"""
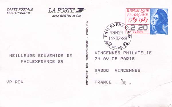 На обороте карточки: эмблема филателистической выставки «Philexfrance'89».
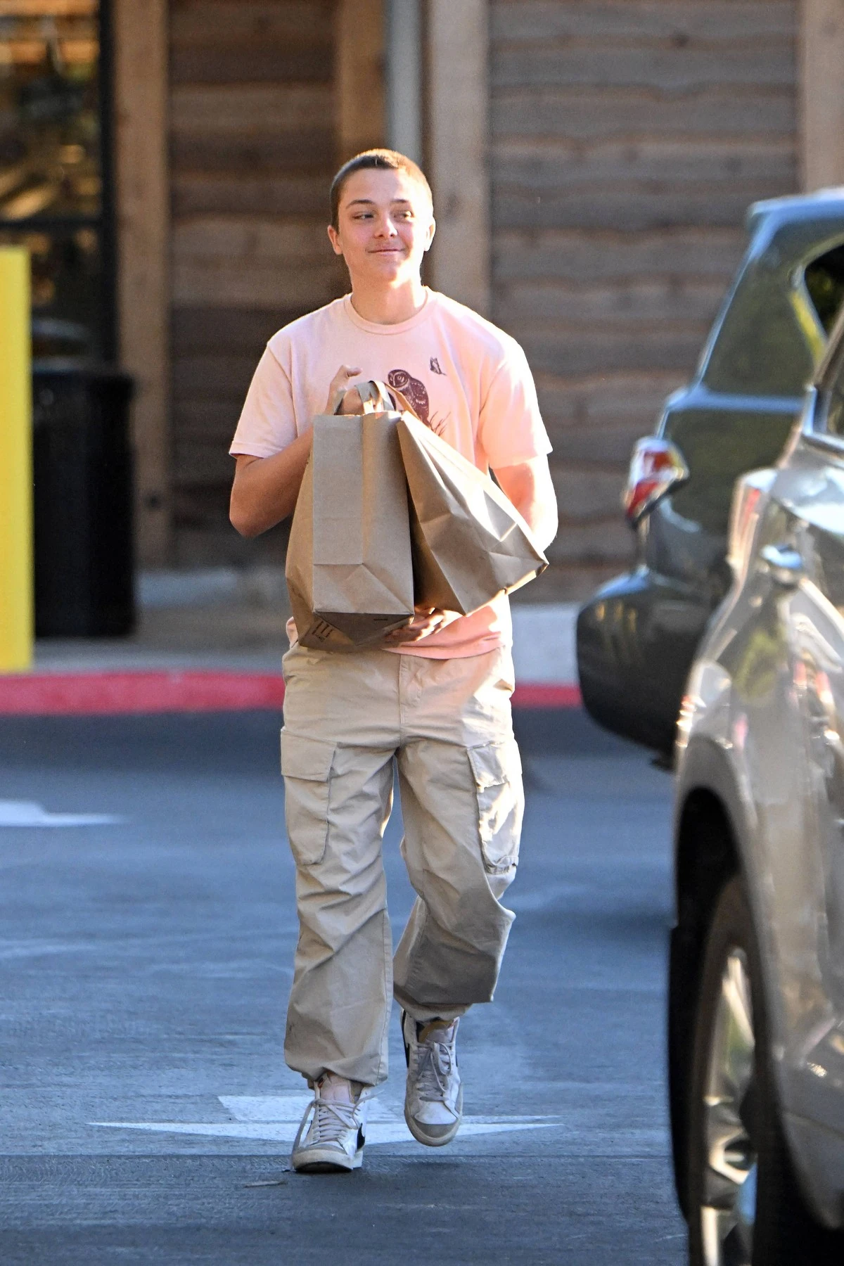 Knox egy rózsaszín, feliratos pólót viselt, amelyet krémszínű cargo nadrággal párosított, ez az összeállítás egyébként egy olyan stílus, amely a kilencvenes évek után a Z generáció körében ismét népszerűvé vált. A szettet klasszikus Nike magas szárú cipők tették teljessé, sportos élt adva az összeállításnak. A rövidre nyírt hajú 16 éves tini visszafogott stílusa feltűnően hasonlít apjáéra, hiszen Brad Pitt mindig is híres volt az erőlködésmentes, laza öltözködéséről.
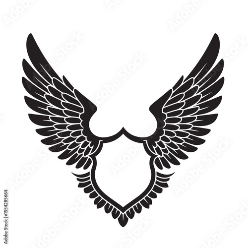 Fototapeta premium Classic wings and shield design a black and white vintage art silhouette...
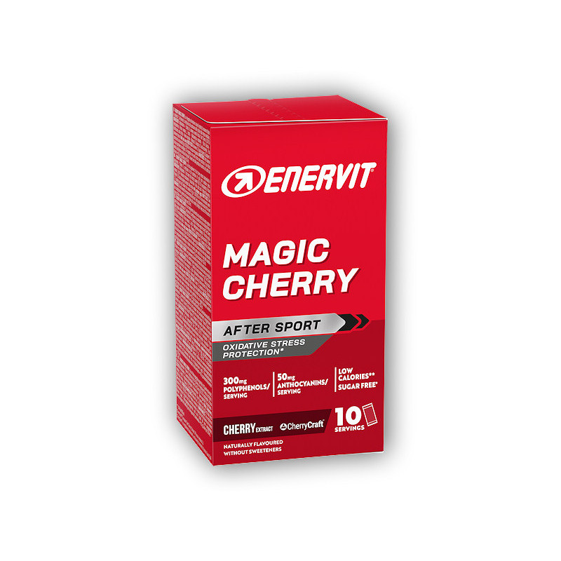 Enervit Magic Cherry je špeciálny extrakt z čerešní, ktorý obsahuje vysoké množstvo (300 mg na dávku) polyfenolov a vitamínu E s vysokou antioxidačnou silou. Tieto látky zohrávajú dôležitú úlohu pri podpore obranyschopnosti organizmu proti oxidačnému stresu a pôsobia proti voľným radikálom produkovaným pri intenzívnom fyzickom cvičení. To výrazne podporuje úplnú a efektívnu regeneráciu po vysoko intenzívnom vytrvalostnom výkone.
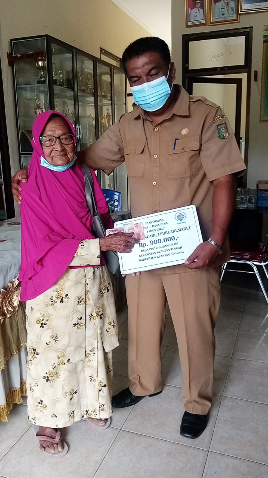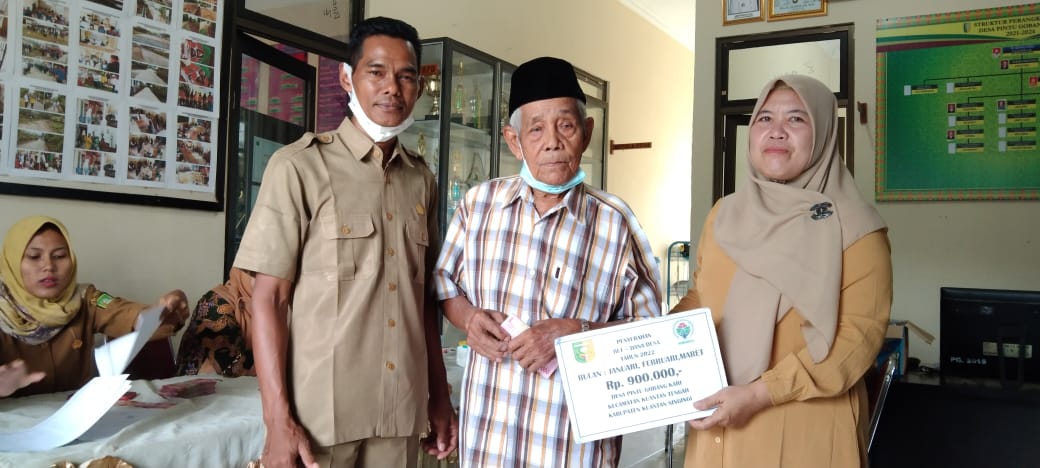 Penjabat Kepala Desa Pintu Gobang Kari, Triwan Marlius didampingi langsung Kasi PMD, Syafrizal, Pendamping Desa, Eko Rinaldo, Babin Kamtib, Edi Muslim, dan segenap perangkat desa dan anggota BPD, dalam giat menyalurkan BLT DD tahap pertama, periode bulan Januari-Maret 2022, pada Selasa (08/03/2022) pagi, di Kantor Kepala Desa Pintu Gobang kenegerian Kari.
"""
• [HOW TO COMPLETE THIS TASK] Using the material above, restate word for word the lines from the line that has "Enervit Magic Cherry" to the last line, inclusive, with pictures omitted.

• [TASK RESPONSE]
 Enervit Magic Cherry je špeciálny extrakt z čerešní, ktorý obsahuje vysoké množstvo (300 mg na dávku) polyfenolov a vitamínu E s vysokou antioxidačnou silou. Tieto látky zohrávajú dôležitú úlohu pri podpore obranyschopnosti organizmu proti oxidačnému stresu a pôsobia proti voľným radikálom produkovaným pri intenzívnom fyzickom cvičení. To výrazne podporuje úplnú a efektívnu regeneráciu po vysoko intenzívnom vytrvalostnom výkone.
 Penjabat Kepala Desa Pintu Gobang Kari, Triwan Marlius didampingi langsung Kasi PMD, Syafrizal, Pendamping Desa, Eko Rinaldo, Babin Kamtib, Edi Muslim, dan segenap perangkat desa dan anggota BPD, dalam giat menyalurkan BLT DD tahap pertama, periode bulan Januari-Maret 2022, pada Selasa (08/03/2022) pagi, di Kantor Kepala Desa Pintu Gobang kenegerian Kari.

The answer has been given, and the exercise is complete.